A lo largo de varias décadas se han ido acumulando subsidios a los energéticos con mecanismos muy diversos. Unos explícitos, otros ocultos. Algunos para la población pobre, otros para los no pobres. Existen subsidios a la demanda y a la oferta; hay exenciones tributarias, rentas de destinación específica, subsidios cruzados y se han asumido pasivos y pérdidas empresariales con recursos presupuestales. Casi todos tienen como notas comunes la utilización de gasto público y la ausencia de debate público sobre su conveniencia.
Subsidiar suscita siempre discusiones. Una escuela de pensamiento, compartida por quien esto escribe, los limitaría exclusivamente a los pobres para que accedan a la salud, la educación, y a los servicios de acueducto, alcantarillado y aseo. Hay, sin embargo, argumentos para extenderlos mucho más. Pero debería existir consenso en que antes de establecer cualquier tipo de subvención se conozcan los efectos buscados, los recursos a utilizar y se discuta su conveniencia ante todo en el Congreso y en foros públicos académicos, empresariales y de participación ciudadana. Y, además, nuevas discusiones periódicas para evaluar los resultados.
El actual Gobierno ha dado varios pasos acertados en relación con los subsidios a la gasolina y el diesel, por una parte avanzando en el desmonte iniciado por su antecesor y en particular al incluir partidas específicas en el Presupuesto Nacional desde el 2007. Esta subvención, oculta por cuarenta años, saltó a la discusión pública sobretodo porque, en el contexto de precios excepcionalmente altos del petróleo en el mercado mundial, sincerar el precio interno ha exigido enorme valor político.
Sin embargo, en combustibles líquidos el favorecimiento tributario a los biocombustibles y la mezcla obligatoria con la gasolina, van en la dirección contraria. Téngase en cuenta que las leyes sobre la materia otorgan discrecionalidad al Gobierno para definir el porcentaje obligatorio de consumo de esos energéticos y que no hay evidencia sólida para afirmar que sus efectos netos son ambientalmente correctos. Por el contrario, académicos nacionales y extranjeros han indicado que para producirlos se generan severos problemas como, por ejemplo, los residuos que exigirán altos costos en los servicios de alcantarillado.
Pero hasta hace poco, las políticas gubernamentales han aceptado sin cuestionamientos o debates la necesidad de apoyar la utilización de tales combustibles. El desplazamiento de tierras para sembrar alimentos con el consiguiente encarecimiento de estos, ha disparado las alarmas y, como anuncia PORTAFOLIO, se está elaborando un Documento CONPES que reexminaría por completo la situación. Es un buen momento para se integren todos los elementos de juicio.
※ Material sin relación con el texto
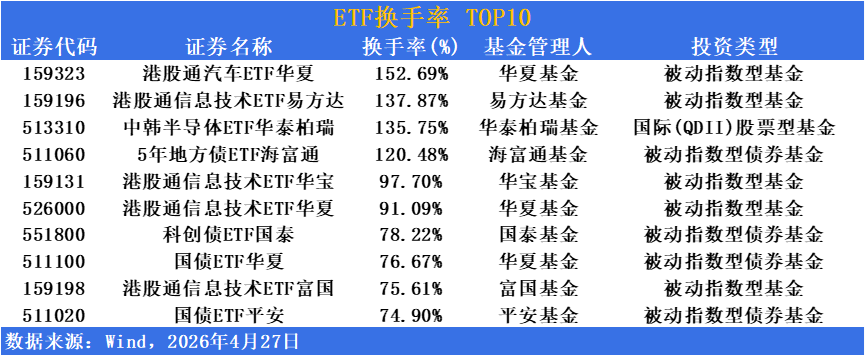 活跃度方面,短融ETF成交超576亿位居榜首,港股通汽车ETF换手率超152%高居榜首
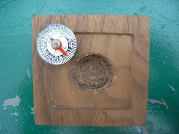 El otro es un más profundo tallado hacia fuera de la zona de la brújula. Esta segunda área debe tener exactamente la radio y la profundidad de la brújula que ha elegido. Usted puede tallar hacia fuera de esta área en cualquier forma que usted prefiera, pero la forma más fácil sería usando un router o una dremel (herramientas pueden trabajar si es necesario a mano). Una vez que el agujero es perforado por la brújula, coloque una pequeña cantidad de pegamento para madera en la parte inferior y coloque la brújula en él con el norte hacia la parte superior de su bloque (para el hemisferio norte... creo que esto se cambie en el hemisferio sur).
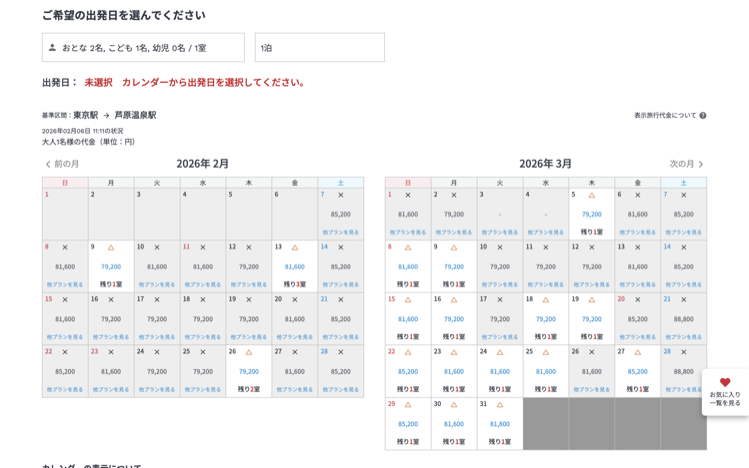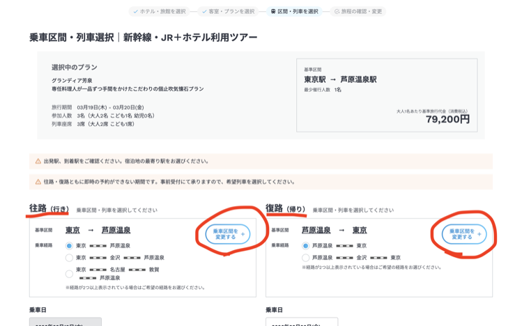 日付を選ぶと自動的に宿泊地の最寄り駅が設定されます。表示された新幹線乗車区間を変更したい場合はここで設定します。行きと帰りで別の駅を設定することも可能です。▼

En cuanto a la electricidad, los subsidios originalmente adoptados a la demanda, claramente focalizados a los estratos pobres y financiados con un impuesto nacional complementado con recursos del presupuesto nacional. En un período corto se limitaron en sus montos. Era más que sufriente, pero poco a poco se han agregado subsidios a la oferta con rentas de destinación específica y, ahora, por decreto se obliga a que las tarifas de las ciudades se incrementen para aumentar subsidios a las zonas rurales.
Para las zonas no interconectadas se han destinado sumas considerables prácticamente dilapidados; ahora se está diseñando un nuevo esquema. Con el nuevo marco para las Zonas Francas se permitirá generar electricidad y producir biocombustibles con ventajas impositivas si se obtiene la autorización caso a caso de la DIAN. Por otra parte la generación de energías renovables tiene exención del impuesto a la renta.
Esta superposición de subsidios debería ser analizada públicamente para establecer quiénes y cuántos son los beneficiarios, si existen mejores alternativas, qué costo fiscal tienen y cómo se asignan en la práctica. Una de las razones para que el conjunto de estas subvenciones sea un cuerpo deforme e incoherente como el Basilisco, es la ausencia de un marco que fije reglas generales para la totalidad del sector energético, que impida regulación a la carta con amplio margen discrecional en cabeza del Gobierno.